No doubt justice is to be quickly given to the litigants but that does not mean that the lisshould be disposed of at any rate even without looking into the merit of the matter and without recording the evidence in accordance with law. 14. I think it appropriate to set aside the judgments passed by the learned LA Judge and remand the case to the court of learned LA Judge for deciding the matter afresh affording opportunity to the parties to adduce evidence (oral/documentary) as they may desire. 15. Accordingly, in view of the discussions made above, the judgment and order dated 18.01.2009 passed in Misc. LA 01/2008 and Misc. LA 02/2008 are set aside. The cases are remanded back to the learned LA Judge.

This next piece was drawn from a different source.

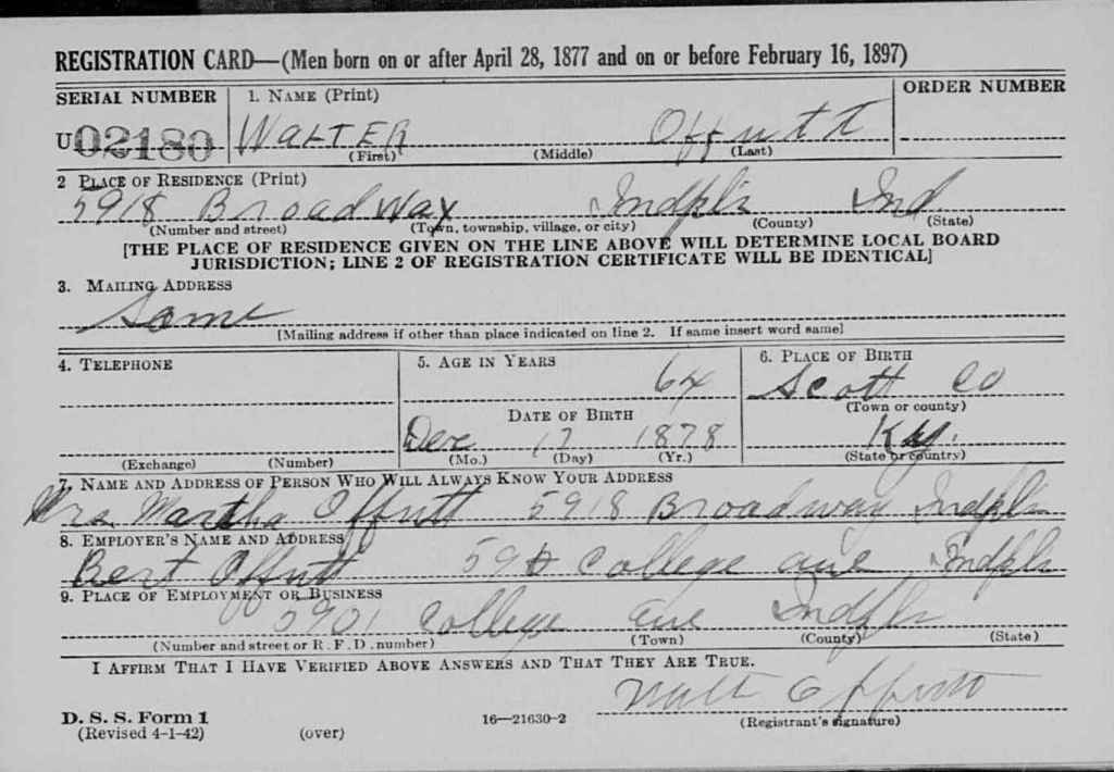 4th Draft Registration; Walter Offutt
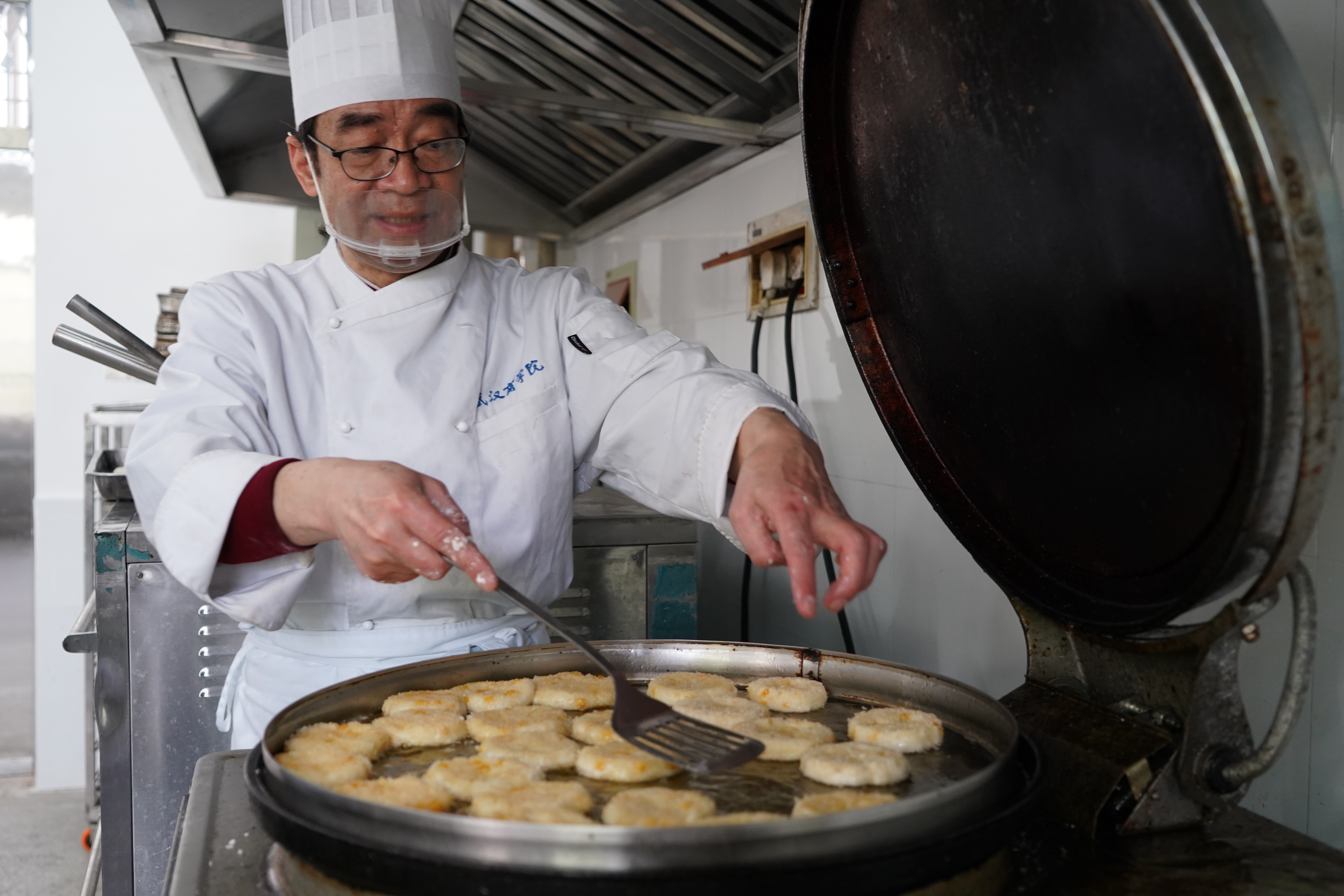 本网讯 为让学生更加了解茶文化,学习茶点制作。4月12日,由我校食品科技学院主办、美食与营养协会承办的茶点制作活动在南四104实训室举行。活动以“茗香四里,食慰武商”为主题,以中国的传统茶文化为载体,中国烹饪大师方元法现场教学中国传统茶点小吃制作方法。

The appellants and the respondent No.1, i.e. the Superintendent of Archaeologist Department, Government of India are directed to appear before the learned LA Judge, Sonamura on 05.01.2017. The learned LA Judge, Sonamura is further directed to issue notice to the LA Collector, on receipt of the records back, to appear before the learned LA Judge. The learned LA Judge, Sonamura is also directed to dispose of both the references within three months from the date of receipt of the records. 16. It is made clear that the evidence already on record should remain and the learned LA Judge will be at liberty to read that evidence in addition to the evidence which the parties may adduce after remand. 17. With the aforesaid observations and directions, both the LA Appeals are accordingly disposed of. Send back the LCRs along with a copy this judgment.